8
Парадный подъезд дворца был ярко освещен факелами. Карет было великое множество: больших и малых, скромных, кое-как покрашенных и роскошных, обитых бархатом с золотой бахромою, с зеркальными стеклами, с кучерами в буклях и треуголках, гайдуками и скороходами с традиционными булавами в руке. Скороходы в шапочках, курточках с бантиками явно мерзли и жались к лошадям, пытаясь похитить у них лишнее тепло.
Суета, смех, разговоры… Дамы сбрасывали теплые плащи и епанчи прямо в каретах, феями выпархивали на мостовую, вскрикивая от восторга и холода — второе мая на дворе, а затем исчезали за высокими дверьми. Гвардейский караул нынче пропускал всех, и уже внутри, в большом вестибюле, приглашенные предъявляли билеты.
Маскарады были любимым развлечением государыни Елизаветы, и она привила эту любовь вначале двору, а позднее и всему Петербургу, вменив особам двух первых классов давать поочередно костюмированные балы.

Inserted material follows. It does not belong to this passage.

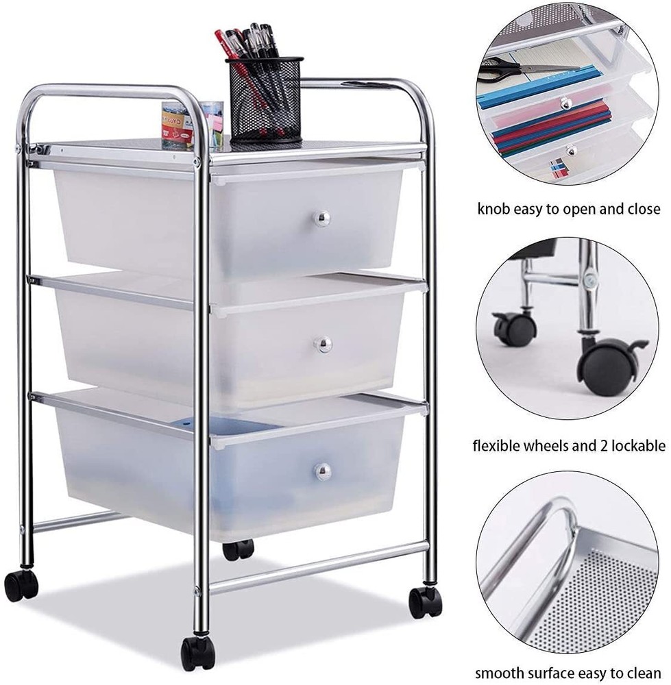 Description: An excellent storage cart for home, office, classroom. With steel frame and chrome-plated surface, this drawer storage cart features sturdy and durable structure, bringing you long-lasting enjoy. Solid metal top board offers 16.5 lbs load. Drawers made of PP can also support 4 lbs. Each drawer is equipped with a round knob for easy opening. With both closed and open storage space, you can put your items in order. You can organize different categories of items and put them in the drawer and you can also put them on the top surface to keep your room in order. Lightweight body and 360-degree wheels make it easy to move the drawer storage around. It has a small body for corner and small room. It takes minimal space so that you can have more space to do other things. It is suitable for storing files, paper, tools and so on. You can put it in your home, kitchen, bathroom, office and classroom. With detailed instructions, it is easy to assemble. Features: Steel frame, chrome-plated surface, PP drawer, metal board, sturdy & durable Large weight capacity, top board: 16.5 lbs, each drawer: 4 lbs Spacious storage space: top board & 3 drawers Drawers help organize your items, make your room clean Mobile design: 4 smooth wheels with 360-degree rotation Lightweight body, easy to move Small body, save space, suitable for corner Good to files, tools, paper Easy to assembleSpecifications: Material: Steel & PP Overall dimension: 12.5" x 14" x 24"(W x D x H) Steel panel size: 13.7" x 11.3"(L x W) Drawer size: 11" x 14" x 5"(W x L x D) Weight capacity of the steel panel: 16.5lb Weight capacity of single drawer: 4.4lb Net weight: 5lbs Package Includes: 1&nb 🗄️〖Spacious Storage Space〗Three deep drawers of the drawer storage cart can help you your items. You can organize your different categories of things and put them in different drawers to make everything in order. Small round handle on each drawer is convenient for you to pull out or push in drawers. 🗄️〖Excellent Materia & Durable〗The frame of this drawer storage cart is made of steel. It has a chrome-plated surface, which makes it durable and stable. The drawer is made of high-quality PP, without harm and smell. Owing to a solid metal board and sturdy structure, the top surface of the drawer storage cart can support up to 16.5 lbs, each drawer 4 lbs. 🗄️〖4 Wheels & Lightweight〗Unlike heavy storage containers which cannot be easily moved, the drawer storage cart is lightweight and equipped with four wheels which rotate smoothly for 360 degrees. With this mobile design, you can simply move it everywhere you need. Moreover, 2 wheels can be locked, bringing maneuverability and stability. 🗄️〖Small Size for Saving Space〗The drawer storage cart has a small body, making it simple to in any room and roll in any corner of the house. It only takes up minimal space to do the storage, organize your items and keep your room neat. 🗄️〖Easy Assembly & Dimension〗All accessories and assembly tools are included in the package. the step-by-step instructions and you will finish this assembly easily. It takes individual about 20 minutes to assemble. Product Dimension: 12.5”L x 14”W x 24”H. Drawer Dimension: 11”L x 14”W x 5”H.

Самые первые маскарады носили название «метаморфоз» и состояли в наивном и веселом переодевании мужчин в женские костюмы, а женщин в мужские. Государыне очень шел узкий мундир, который подчеркивал талию и крутые бедра, ботфорты удлиняли ноги, и во всем ее облике появлялось что-то озорное, юное. А как забавно выглядели ряженые старички и старушки, целый вечер можно было, надрываясь от смеха, рассматривать их нелепые фигуры и кособокую походку. Не являться в маскарад по именному приглашению было никак нельзя, мало того, что штраф за неявку высок, но еще и боялись обидеть государыню. Лучше пусть хохочет, чем хмурится.
Позднее стали придумывать самые богатые и изысканные маскарадные костюмы. Завелись специальные мастерские и наконец появились публичные маскарады. Итальянец Локателли стал арендовать обширные помещения, в коих ставил оперы и устраивал маскарадные вечера. Накануне Невская першпектива пестрела афишами: «Сим объявляется, что для удовольствия знатного дворянства и прочего здешнего столичного города жителей…» Для обучения танцам дворянская молодежь посещала платные уроки, где постигала тайны изящного движения в «миноветах, контрдансах и верхних танцах».
Кроме танцев, дворян учили, как поклониться, опрыскаться душистой водой, как пользоваться вилкой и нести в руках шляпу, чтобы с помощью оной показать свою воспитанность и галантность.
Но самые торжественные и богатые маскарады давала сама государыня. На этот раз бал устраивался в только что отстроенной части деревянного зимнего дворца, где, по рассказам очевидцев, были роскошно декорированы залы и имелись новомодные немецкие сюрпризы. Обыватели долго ломали головы, что это за сюрпризы такие?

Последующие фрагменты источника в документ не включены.